Maria zalft Jezus te Bethanië
De Zaligmaker zegt letterlijk tot Zijn discipelen: ‘En de Zoon des mensen zal overgeleverd worden om gekruisigd te worden’ (Matth. 26:2). Maar zij zijn blind voor de kruisweg, de stervensweg die Christus gaan moet. Ze verstaan de noodzaak van het priesterlijke werk van Christus niet.
In Mattheüs 26 blijkt dat er een vrouw is die het wél verstaat. Immers, haar zondeschuld moet betaald worden. ‘God wil dat aan Zijn gerechtigheid genoeg geschiede’ (Heidelbergse Catechismus, antwoord 12). Deze vrouw heeft geleerd dat zij daar zelf niet voor kan zorgen. Ze heeft Jezus Christus nodig; niet alleen als Profeet, maar ook als Borg, als Priester, Die in haar plaats de zondeschuld betaalt. Hebben wij dat ook al bevindelijk geleerd? Hongeren en dorsten wij naar Zijn gerechtigheid?
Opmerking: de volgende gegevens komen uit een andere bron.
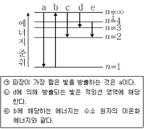 그림은 수소 원자의 전자 전이를 나타낸 것이다. 전자 전이 a~e에 대한 설명으로 옳은 것을 <보기> 에서 모두 고른 것은? (단, 수소 원자의 에너지 준위는 En=-1312/n2kJ/몰이다.)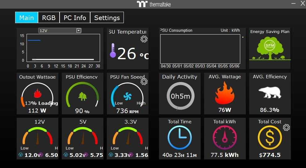Используемый блок питания контролируется ПО Tt DPS G App, которое точно показывает энергопотребление тестового стенда и его КПД, соответственно легко посчитать потребление тестового стенда из розетки. Нагружали систему в программе OCCT, максимальная нагрузка на БП составила 350 Вт в режиме теста Power.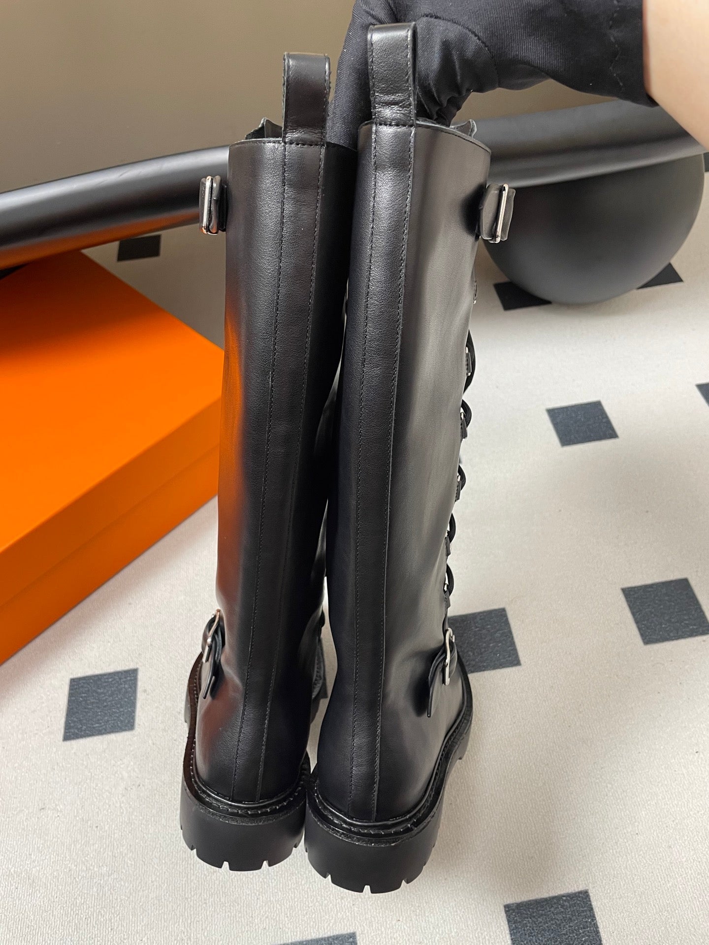 HM Lace Up Boots 25mm Belt Buckle Black Leather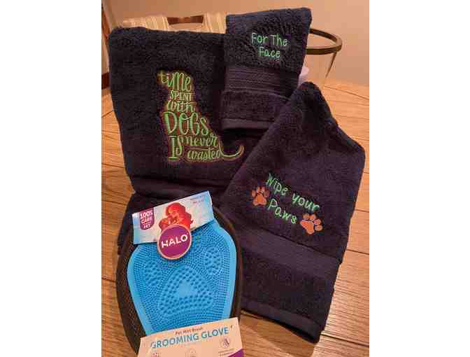 Custom embroidered set of dog bath towels in navy blue. Oversized bath towel 53 x 30, hand towel and face cloth. Very plush, high quality. Grooming mitt also.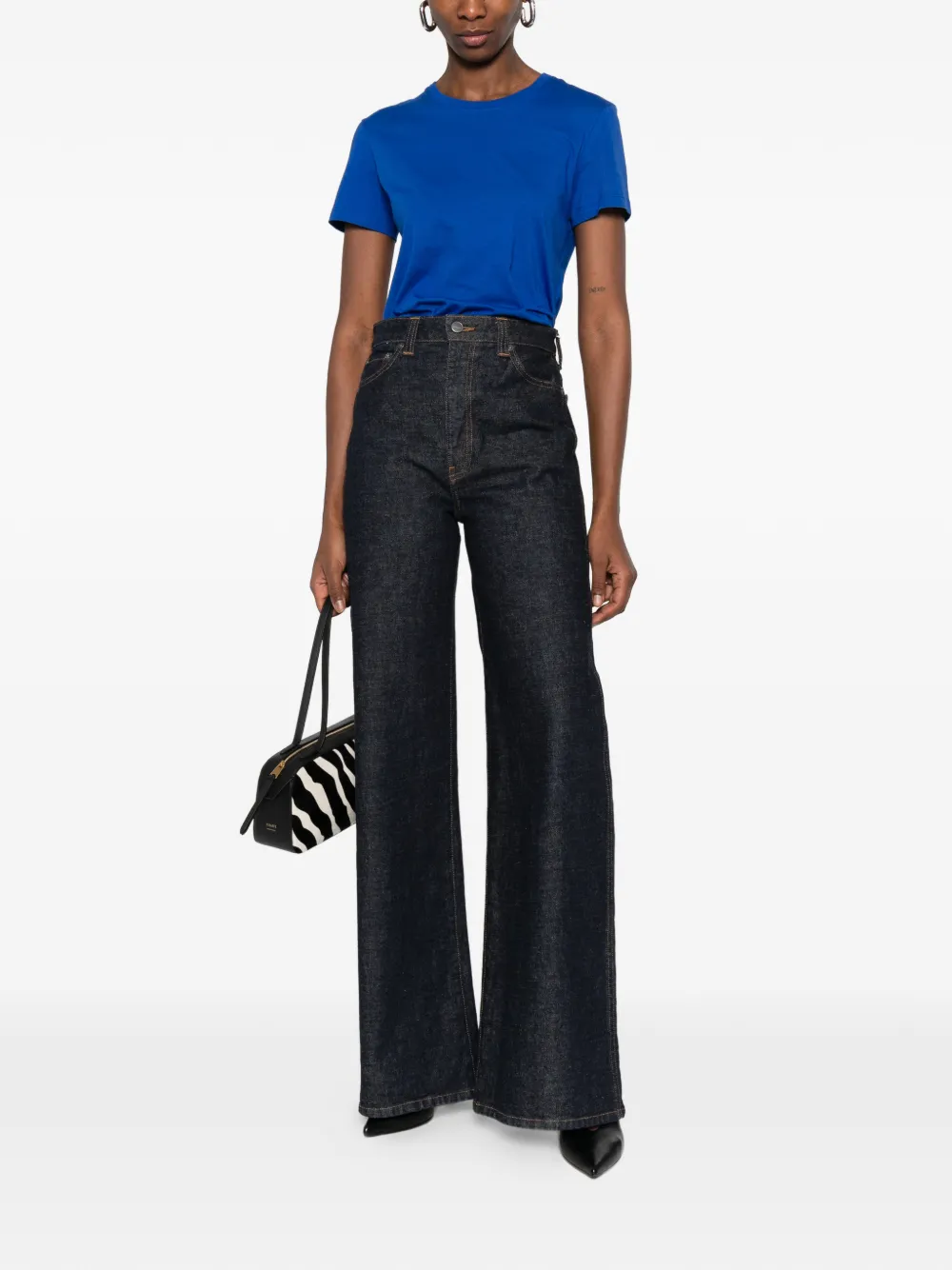 Ярко-синяя футболка с круглым вырезом и короткими рукавами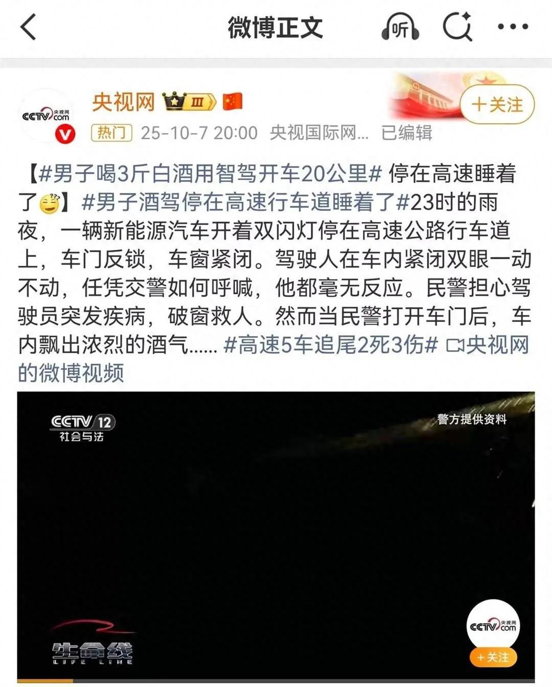 据央视网官方微博10月7日晚上8时许报道,23时的雨夜,一辆新能源汽车开着双闪灯停在浙江杭州的一条高速公路行车道上,车门反锁,车窗紧闭。驾驶人在车内紧闭双眼一动不动,任凭交警如何呼喊,他都毫无反应。民警担心驾驶员突发疾病,破窗救人。然而当民警打开车门后,车内飘出浓烈的酒气。男子告诉交警,他连续喝了两场酒,一共约3斤白酒。此事引起网友热议。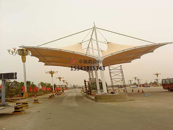 3.安全性更佳。總結(jié)上述幾點(diǎn)如:防火防震、耐候性、穩(wěn)定性等都足以說明膜結(jié)構(gòu)收費(fèi)站相比傳統(tǒng)的收費(fèi)站在安全方面更為突出,即使發(fā)生災(zāi)害使膜結(jié)構(gòu)坍塌,由于膜材的輕質(zhì)與整體結(jié)構(gòu)的簡單,也不會(huì)造成損失。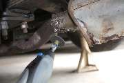 "Navigating a hack saw is tricky as there are things you don't want to accidentally cut, most importantly the brake line and emergency brake cable. Also, laying on your side it is difficult to accurately cut only through the outer pipe (muffler input) without slicing the inner pipe (exhaust from engine). I do the best I can hack sawing and prying metal apart with a screw driver and come up with what I think is a pretty good opening in the outer pipe, pictured below. The joke is on me. After repeating similar procedures as best as possible on the top of the pipe I determine I'm going to need to get more drastic. Are there tricks for getting a stubborn one off without ruining anything? In the end I suspect this will all make me feel better about $300 bucks (and the extra time and effort) to put in stainless next time. Maybe they'll have figured out how to keep the glass pack in by then.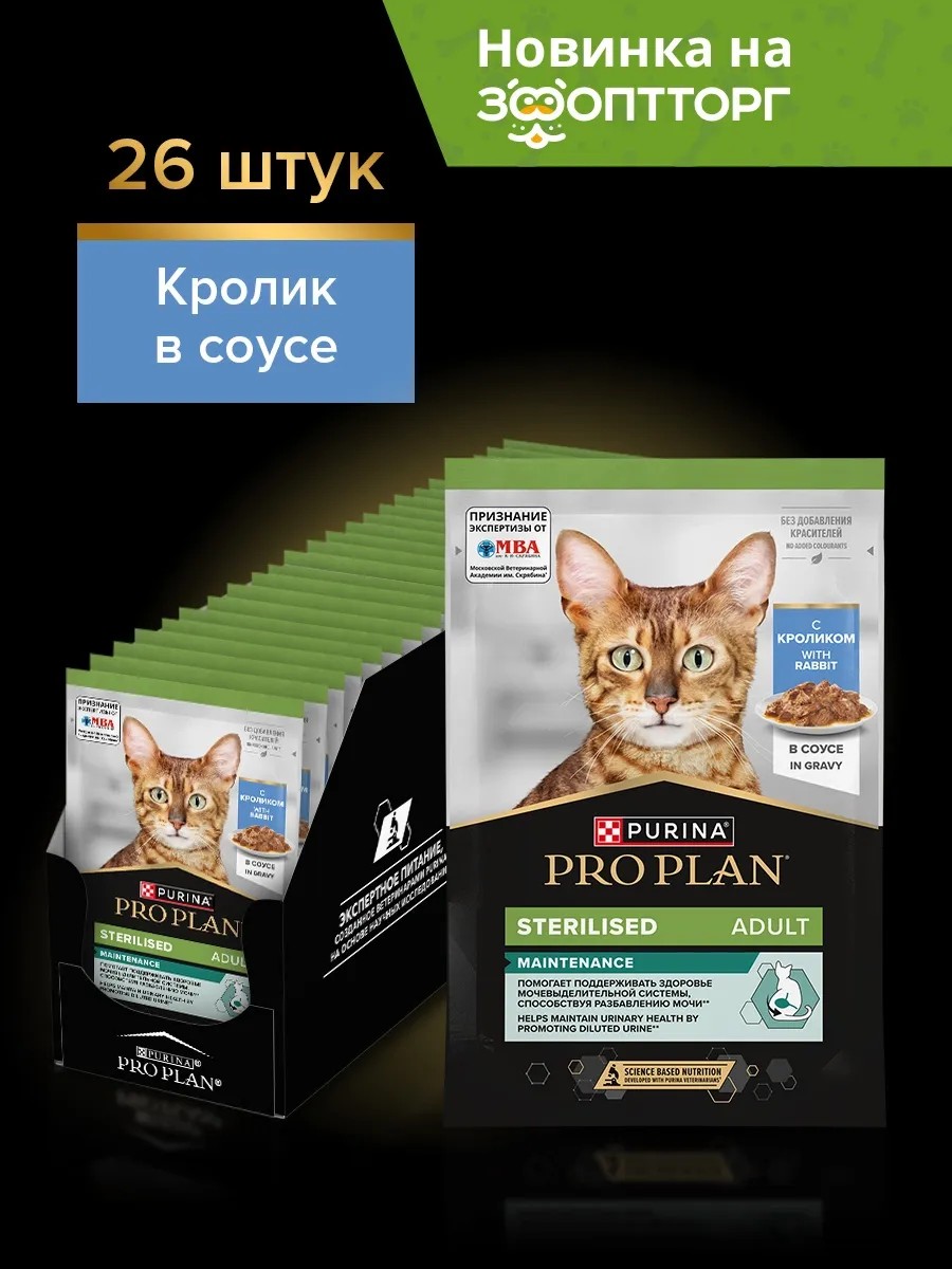 PRO PLAN Влажный корм для стерилизованных кошек Кролик, 85 г х 26 шт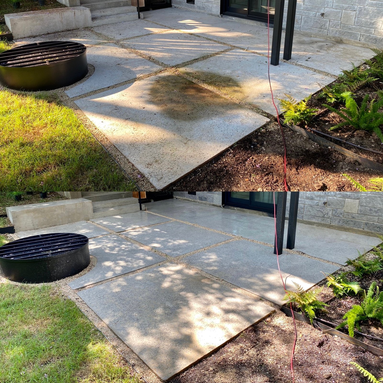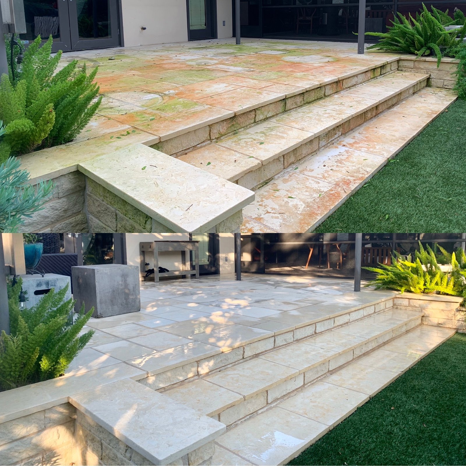 The cleaning was effective, but the strong chlorine smell lasted three days, contradicting the "eco-friendly" claim. Despite pre-watering, some plants are dying, and the metal flashing on the porch roofline is now streaked and faded, likely from high-pressure spraying or chemicals. The crew was professional and courteous.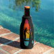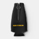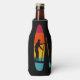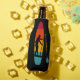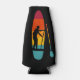 Crie um presente personalizado que seja perfeito para se erguer com as velas. Esta manga de garrafa ou o invólucro de garrafa apresentam uma ilustração de um SUP ou de um conselho de remo e remo rebatíveis em cores vibrantes do pôr do sol com uma ilustração da silhueta a preto de um remo. O gráfico é colocado sobre um fundo preto com um ponto no verso para adicionar um nome em letras amarelas.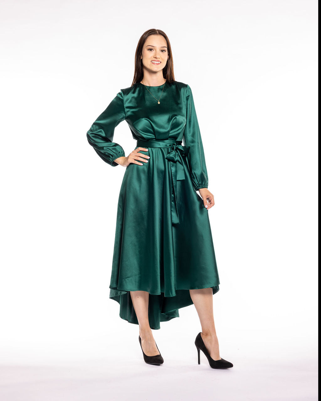 Final sale item. Channel your inner Elphie with this glamorous emerald green formal dress. Perfect for the Holidays, weddings, bar Mitzvahs, and more.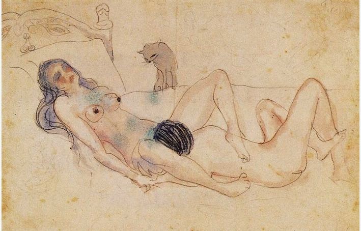 Gustav Klmit, Egon Schiele and Picasso all made v. similar sketches, actually. And the thought that suggests to me is that Schiele was probably the most honest about what he was up to–since there’s less discrepancy between what he exhibited publicly and what he mediated upon privately. Klimt and Degas were more interested in attempt to present sexuality organically within a proscribed context–one facet in a many faceted presentation. (And the Picasso drawing in the ambiguity of the depiction of the person performing oral sex on the woman preserves an undifferentiated, ambiguously gendered person that can serve as both signifier of a woman or a place holder for a man–which seems to be entirely in keeping with Picasso’s legendary misogyny.)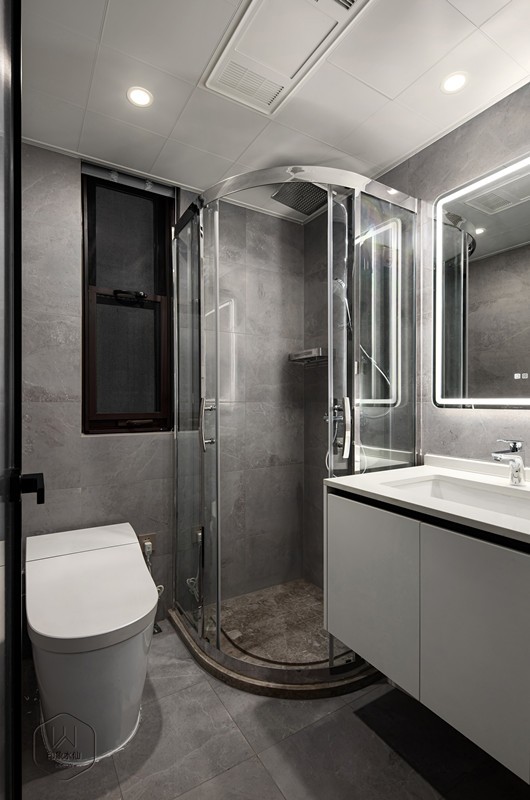移步卫浴空间,大面积灰色石材铺贴营造出内敛的高级质感。空间雅奢兼备,纯净且充满自然灵动。
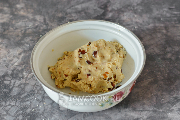 Достаньте тесто из холодильника. Отщипывайте от него небольшие кусочки и скатывайте их в шарики, а шарики слегка расплющивайте между ладоней.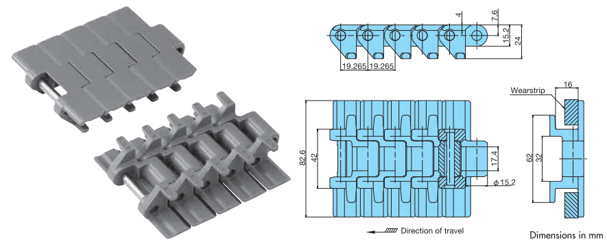 • ・부상 방지 어태치먼트 부착 체인. 코너부나 상승, 하강 컨베이어에서의 부상이나 리턴측에서의 플레이트 상면의 상처를 방지합니다.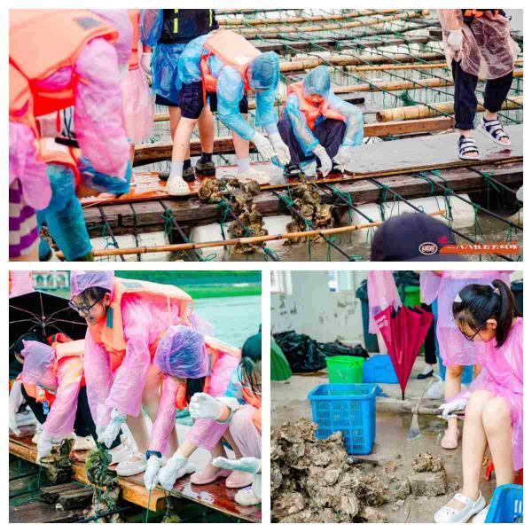捕捞上岸的生蚝在经过清洗之后,由孩子们亲自撬开,时间获得新鲜的生蚝肉。只有亲自体验过,才知道平日里吃到的各种美味都是来之不易的。这也让孩子们体会到了何为"粒粒皆辛苦"。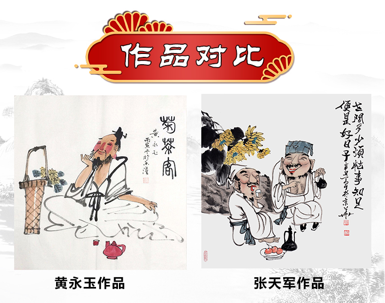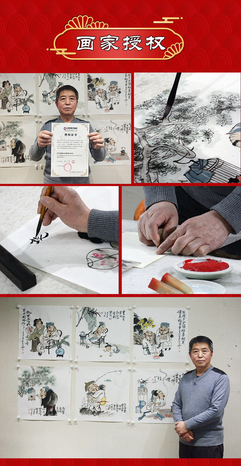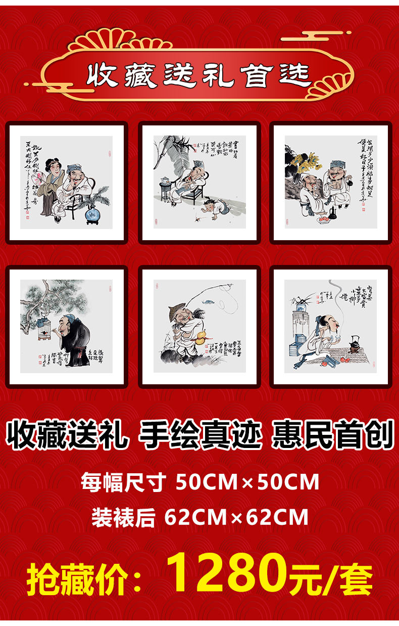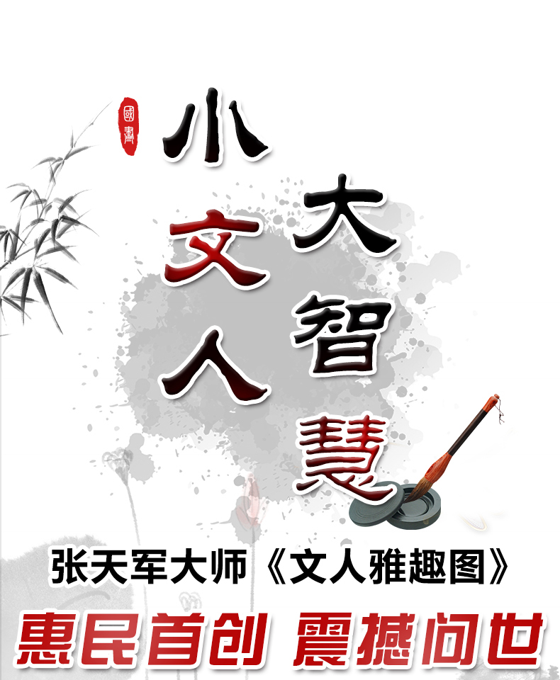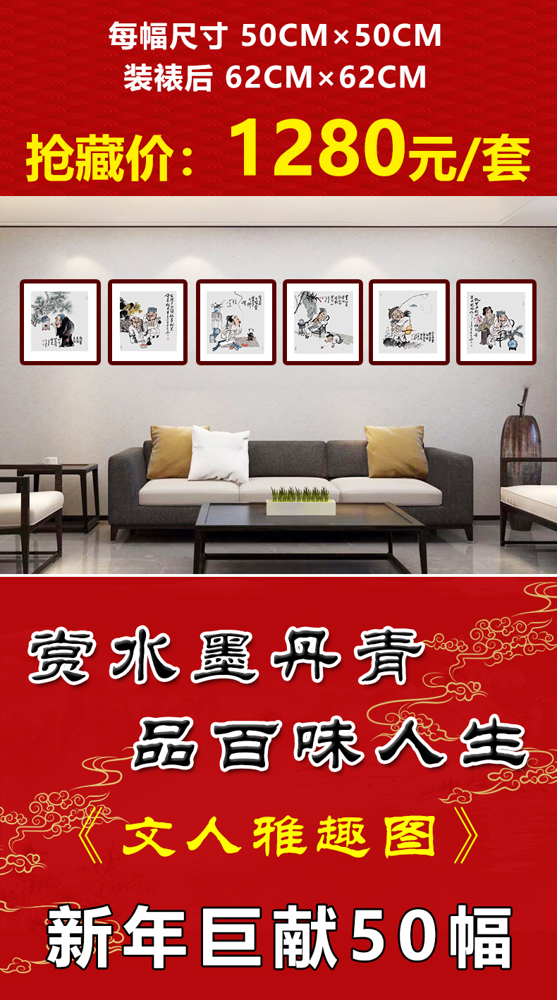 张天军《文人雅趣图》50*50cm*6 人物斗方作品 茶室/客厅挂画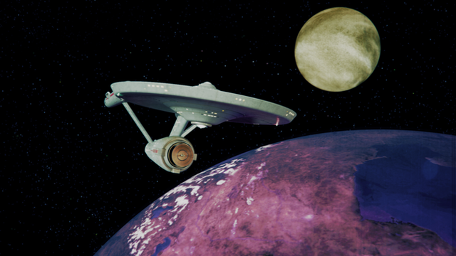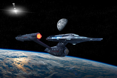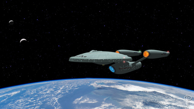 Beautiful juxtaposition of starship, stars, and a lovely blue planet. Only thing better would be to see the real thing in person.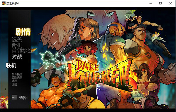 2、成功进入怒之铁拳4电脑版,默认为简体中文,无需语言设置,游戏拥有剧情、选关、接机、对战等模式;
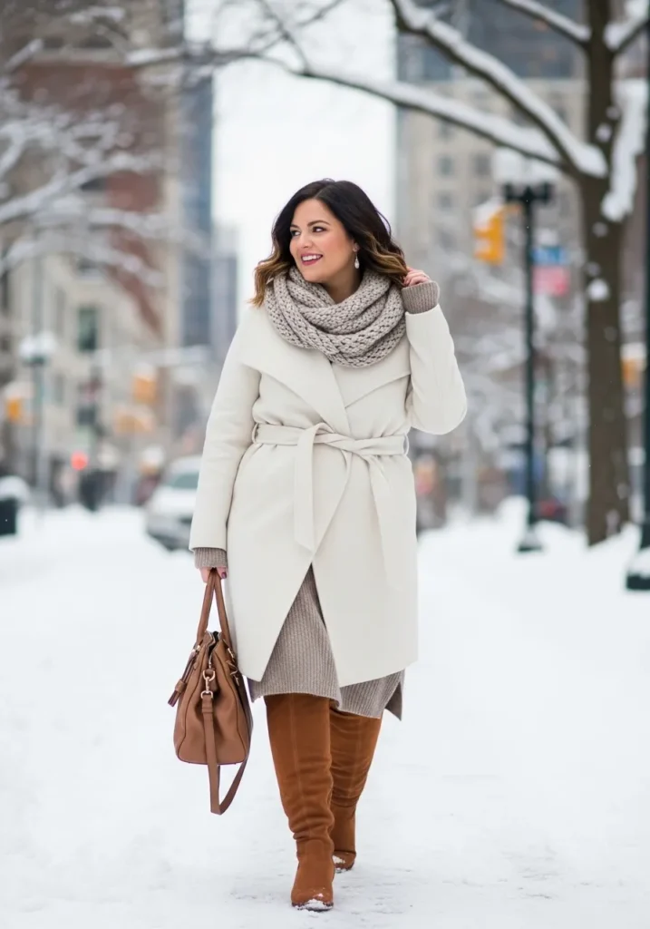 This outfit is such a winter dream with its soft creamy palette and warm layered textures. She is wearing a beautifully structured off white wrap coat with a tie belt that pulls everything in at the waist in the most flattering way. Underneath is a ribbed knit sweater dress in a cozy oatmeal shade that peeks out just enough to add dimension. The chunky knit infinity scarf feels snug and plush. The look finishes with rich caramel over the knee suede boots and a matching tote bag that adds a warm contrast against the snow. The whole vibe feels polished and effortlessly elegant while still being completely practical for cold days.

Maria vertoont kenmerken van genade
Als Jezus in Bethanië is, gebruikt Hij de maaltijd bij Simon de melaatse. En terwijl ze eten, komt Maria tot Hem. En ze ‘doet een goed werk’ aan Christus: ze zalft Hem.
Daarin blijkt allereerst haar liefde. Ze neemt een albasten fles met heel dure zalf en giet deze uit op het hoofd van Jezus, terwijl Hij aan tafel zit. Nee, zij druppelt die zalf niet maar zij giet die uit op Zijn hoofd. Overvloedig, gul. Niet karig. Een teken van onvoorwaardelijke liefde.
Maria vertoont voorts ootmoed. Ootmoed is bij uitstek de vrucht van het nieuwe leven. Wie werkelijk liefde tot God ontving en door Hem oprecht is gemaakt, is nederig en klein. Wie God in waarheid ontmoet, leert Hem immers kennen in Zijn majesteit, heiligheid en rechtvaardigheid. Wie daar iets van doorleeft, is zelf onrein, onheilig, vol van ongerechtigheden. Die bevindt zich in de diepte. Daarom is Maria hier niet te groot om het werk van een dienstmaagd te verrichten. In het oosten was het zalven van de gasten immers het werk van een dienstmaagd.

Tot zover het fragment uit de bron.